ライリー様は早々に、昔から付き合いがあるらしいスカーレット様との同伴を決めていた。お互い面倒事を避ける為だとか。意外な組み合わせだけれど、美男美女の二人はさぞ目立つことだろう。

「アリスと参加出来て、本当に良かった」

「こちらこそ。アーサー様にエスコートして頂けるなんて、わたしは幸せ者です」

「……君と関わらないまま過ごして、学園生活の最後に他の男性にエスコートされている姿を見たら、流石に立ち直れなかったかもしれない。今更になってそう思うよ」

「アーサー様とでなければ、ひとりで参加して友人達と過ごしていたと思います」

元々、学園生活の大半を男子生徒とほとんど関わらずに過ごしてきたのだ。そんなわたしが、万一誰かに誘われたとしても了承するとは思えない。

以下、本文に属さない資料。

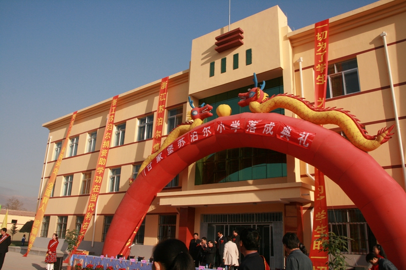 據了解,青海甘家堡蘇泊爾小學是由浙江蘇泊爾股份有限公司出資80萬、總裁蘇顯澤出資20萬元、青海省互助縣政府出資50萬歷時一年建成的現代化全日制小學,學校建筑面積5380平方米,校舍均為磚混結構,其中教學樓建筑面積1090平方、教工樓等建筑面積310平方,校園綠化面積達1000平方米,環境優美宜人。設有標準籃球場、彩磚硬化場地、電算化教室。并為學生和老師購置255套桌椅、3000冊圖書,30臺電腦。是海東地區硬件設施、師資力量最好的農村小學。

「卒業パーティ用に贈っていただいたドレスもとても素敵ですし、本当に楽しみです」

「早くそのドレスを着た君が見たいな。アリスはどんどん綺麗になっていくから、少し妬けるよ」

「アーサー様に比べたら、全然です」

アーサー様とわたしでは釣り合わないと、陰で言う人達が未だに沢山いることも知っている。けれどそれは腹も立たないくらいに、間違いのない事実だった。

それでも彼と出会ってからは沢山の人に変わったと、綺麗になったと言って貰えるようになった。これからも彼に見合う人間になれるよう、努力していきたいと思う。

「そういえば、卒業前だからとアーサー様に告白をする方もいると聞きました」

「ああ、そんなこともあったね。俺はアリスのものなのに、くだらない事をする人間もいるんだと驚いた」

「わ、わたしのもの、ですか」

卒業を前に告白する人は多いと聞いていたけれど、婚約者がいると知った上でするなんて。場合によっては大事になるというのに、怖いもの知らずな人もいるらしい。わたしが舐められている証拠だと、リリーはとても怒っていた。

その話を聞いた時は少しモヤモヤしてしまったけれど、彼は気に留めていないようで安心した。

「うん、だから好きにしていいよ」

「す、好きに……?」

「アリスにされて嫌なことなんて、一つもないから」

アーサー様はさも当たり前のようにそう言うと、こちらが溶けてしまうような甘い笑顔を浮かべていて。そんな彼のせいで、最後の学食のサンドイッチの味もやっぱり、わからなかった。